Wie sieht die (Wirtschafts-)Welt nach Corona aus? Wolfgang Schüssel (75), ÖVP-Bundeskanzler außer Dienst, hat sich zu diesem Thema jetzt zu Wort gemeldet und lässt aufhorchen.
Angesichts der "gigantischen Geldschöpfung" bei gleichzeitigen Nullzinsen könnte laut Schüssel "Inflation ein Thema werden".
Darüber hinaus beobachtet er, dass derzeit eine "fast naive Staatsgläubigkeit einsetzt": "Wir müssen uns von der Idee verabschieden, dass der Staat alles kann. Marktkräfte dürfen nicht nur geduldet sein", so Schüssel, der auf Einladung der Volkswirtschaftlichen Gesellschaft Kärnten am Montag Gastredner in einem wirtschaftspolitischen Webinar zum Thema "In der Welt der Post-Corona-Gesellschaft" war.
Der Ex-Kanzler nimmt wahr, dass "wir auf dem Weg in eine Versicherungsgesellschaft sind. Wir wollen offenbar dorthin zurück, wo wir einmal waren. Aber life is risk. Unsicherheiten sollte man zulassen können, denn wir wissen vieles einfach nicht." Der Widerstreit der Ideen sei ein Vorteil für die Gesellschaft, davon lebe Demokratie. "Und eine gute Politik muss das ausbalancieren."
"Wie Tarzan von Liane zu Liane"
Nicht auszudenken, so Schüssel, wenn "der freie Handel eingeschränkt würde": "Wir leben vom freien Handel", sagt der Europa-Experte. Dass Europa abgehängt wird, glaubt er nicht. "Die EU wird auch in den nächsten Jahren zu den großen drei Wirtschaftsmächten gehören. Freilich muss sie kluge und nachhaltige Wachstumsstrategien entwickeln.
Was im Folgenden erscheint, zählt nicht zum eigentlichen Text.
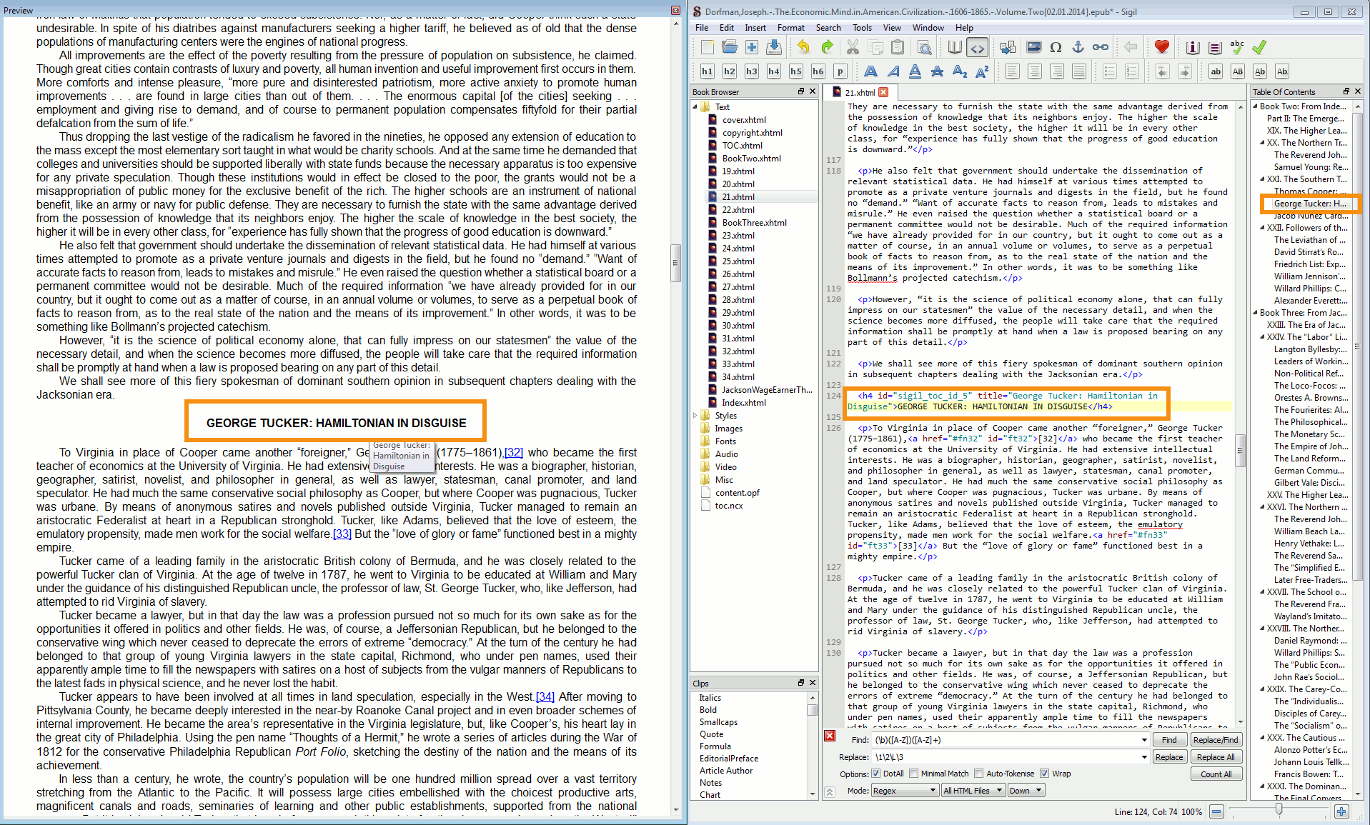 Some times there's others like a section. I got it to the point where the tags are pretty consistent, but making text title case in BV is a lot of work Is there a good F-R that will convert things like <h1>CHAPTER ONE</h1> into <h1>Chapter One</h1> I can use it for other tags but I'm stuck on the title case part There is a TitleCase stored clip in Sigil but I couldn't seem to get it to work right: \u\1 Thanks |
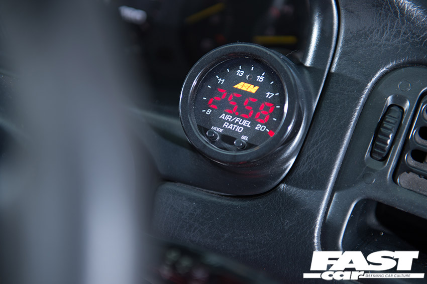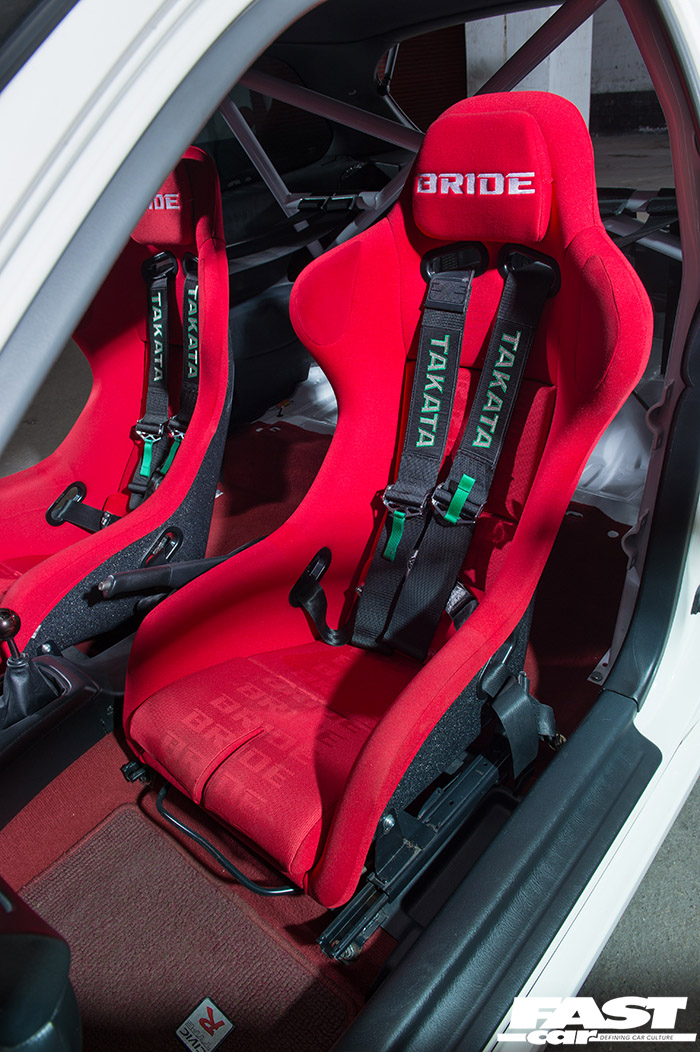 Bride Zeta III seats, Takata Black 4-point harnesses, Nardi Deep Corn Black suede steering wheel with red stitching, NRG snap-off boss, Safety Devices half-’cage, APEX’i AVC-R boost controller, AEM oil pressure gauge, AEM wideband AFR gauge

Stichwort: Dekarbonisierung."
Reformbedarf sieht Schüssel im Gesundheitsweisen, in der Verwaltung, "und vielleicht braucht es auch neue Ansätze auf den Kapitalmärkten": "Österreich bzw. die EU müssen sich weiterhangeln wie Tarzan von Liane zu Liane".
Auch Ökonom Gottfried Haber, Vize-Gouverneur der Österreichischen Nationalbank, sieht "Inflationsimpulse" auf uns zukommen, wiewohl die "Finanzmärkte sehr resilient" seien: "Diesmal sind sie nicht Teil der Krise, sondern Teil der Lösung."
Haber rechnet mit Konjunkturaufschwüngen, "wir werden aber damit auch unsere Reserven auffüllen müssen". Will heißen: Die öffentlichen Finanzen müssen konsolidiert und stabilisiert werden. Haber: "Das wird die Konjunktur dämpfen."
Auch Philosophin Lisz Hirn, Trendforscher Harry Gatterer und der steirische Unternehmer Jürgen Roth, Vizepräsident der Wirtschaftskammer Österreich, entwickelten in dem von Uwe Sommersguter, Mitglied der Chefredaktion der Kleinen Zeitung, moderierten Webinar ihre Visionen von einer Gesellschaft und einem Wirtschaftssystem nach Corona. Hirn sieht derzeit eine Retrotopie, eine Retro-Sehnsucht also. "Man sehnt sich nach der guten alten Zeit. Aber das ist keine Bewegung, die sich in die Zukunft richtet, sondern in die Vergangenheit. Eine Gefahr", so Hirn, die dafür ist, "das kollektiv Gute mit dem individuell Guten zu verbinden".
"Das Wie-Früher existiert nicht mehr", meinen auch Gatterer und Roth, der Mut macht, "auch aus negativen Rückkoppelungen zu lernen. Auch daraus entsteht Innovation." Roth: "Sonst stehen Österreich bzw. Europa am Ende als Disneyland da - für internationale Touristen, die sehen möchten, wie es früher einmal war."